To find monthly average ndre and ndvi values

So, I have this data,

data = {
    'farm_Id': ['farm_258', 'farm_344', 'farm_345', 'farm_346', 'farm_348'],
    '2018-12-16_NDRE': [0.406, 0.380, 0.449, 0.432, 0.407],
    '2018-12-16_NDVI': [0.581, 0.552, 0.619, 0.573, 0.549],
    '2018-12-21_NDRE': [0.417, 0.270, 0.387, 0.403, 0.377],
    '2018-12-21_NDVI': [0.605, 0.416, 0.567, 0.555, 0.532],
    '2018-12-26_NDRE': [0.338, 0.191, 0.267, 0.252, 0.219],
    '2018-12-26_NDVI': [0.480, 0.285, 0.381, 0.324, 0.308],
    '2018-12-31_NDRE': [0.411, 0.202, 0.411, 0.463, 0.345],
    '2018-12-31_NDVI': [0.592, 0.294, 0.588, 0.622, 0.508],
    '2019-01-05_NDRE': [0.378, 0.207, 0.431, 0.495, 0.321],
    '2019-01-05_NDVI': [0.576, 0.293, 0.621, 0.668, 0.432],
}

I'm trying to find the monthly average values for ndre and ndvi.
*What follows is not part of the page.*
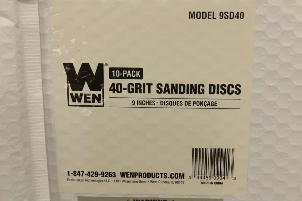 WEN Model 9SD40 10-Pack 40-Grit Sanding Discs, 9-Inch. Includes ten 40-grit sanding discs designed for 9-inch sanders. Pickup only.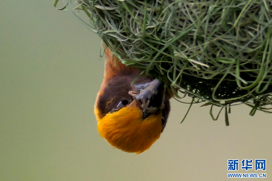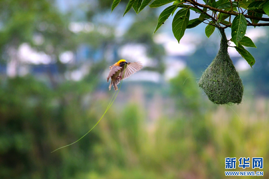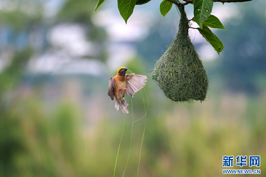 黄胸织布鸟正在筑巢(6月6日摄)。新华网发(昌宁县融媒体中心供图)

So far have tried the following code.

import pandas as pd

df = pd.DataFrame(data)
df.set_index('farm_Id', inplace=True)
# Extract the month from column names
df.columns = pd.to_datetime(df.columns, format='%Y-%m-%d').strftime('%Y-%m-%d')
# Group by month and calculate the mean
monthly_average = df.groupby(df.columns, axis=1).mean()
# Print the result
monthly_average

But, there is a format error for date (Error: time data "2018-12-16_NDRE" at position 0 doesn't match format specified). No matter how I try unable to fix the error and achive result. Please suggest the right method.

Solution

You could use pd.melt to get your dataframe in vertical schema, then use str.split to separate the types (in your case NDVI and NDRE) and the date.
then you filter by type (since you want data related only to NDRE and NDVI) and you do a usual groupby and get the mean value.
Approach1:: here is a sample code using your sample dataset:

import pandas as pd
data = {
    'farm_Id': ['farm_258', 'farm_344', 'farm_345', 'farm_346', 'farm_348'],
    '2018-12-16_NDRE': [0.406, 0.380, 0.449, 0.432, 0.407],
    '2018-12-16_NDVI': [0.581, 0.552, 0.619, 0.573, 0.549],
    '2018-12-21_NDRE': [0.417, 0.270, 0.387, 0.403, 0.377],
    '2018-12-21_NDVI': [0.605, 0.416, 0.567, 0.555, 0.532],
    '2018-12-26_NDRE': [0.338, 0.191, 0.267, 0.252, 0.219],
    '2018-12-26_NDVI': [0.480, 0.285, 0.381, 0.324, 0.308],
    '2018-12-31_NDRE': [0.411, 0.202, 0.411, 0.463, 0.345],
    '2018-12-31_NDVI': [0.592, 0.294, 0.588, 0.622, 0.508],
    '2019-01-05_NDRE': [0.378, 0.207, 0.431, 0.495, 0.321],
    '2019-01-05_NDVI': [0.576, 0.293, 0.621, 0.668, 0.432],
}

df = pd.DataFrame(data)

results = (
    df
    .melt(id_vars='farm_Id')
    .assign(
        typee = lambda df_: df_['variable'].str.split('_').str[1],
        variable = lambda df_: df_['variable'].str.split('_').str[0]
    )
    .astype({'typee': 'category', 'variable': 'datetime64[ns]'})
    .rename(columns={'variable': 'date'})
    .query('typee.isin(["NDRE", "NDVI"])')
    .groupby(['date', 'typee'])
    .value.mean()
    .to_frame()
)
results.head(10)

Approach2:: Following your proposed approach in the comments, you could complete your solution as follows (a pd.rename would resolve the columns naming after obtaining the results you need):

df = pd.DataFrame(data) 
df.set_index('farm_Id', inplace=True) 
multi_columns = pd.MultiIndex.from_tuples([(col.split('_')[0], col.split('_')[1]) for col in df.columns])
df.columns = multi_columns
result = (
    df
    .unstack(level=0)
    .reset_index()
    .groupby(['level_0', 'level_1'])
    [0].mean()
    .to_frame()
)
result

NOTE: level_0 and level_1 are the date and type after extraction.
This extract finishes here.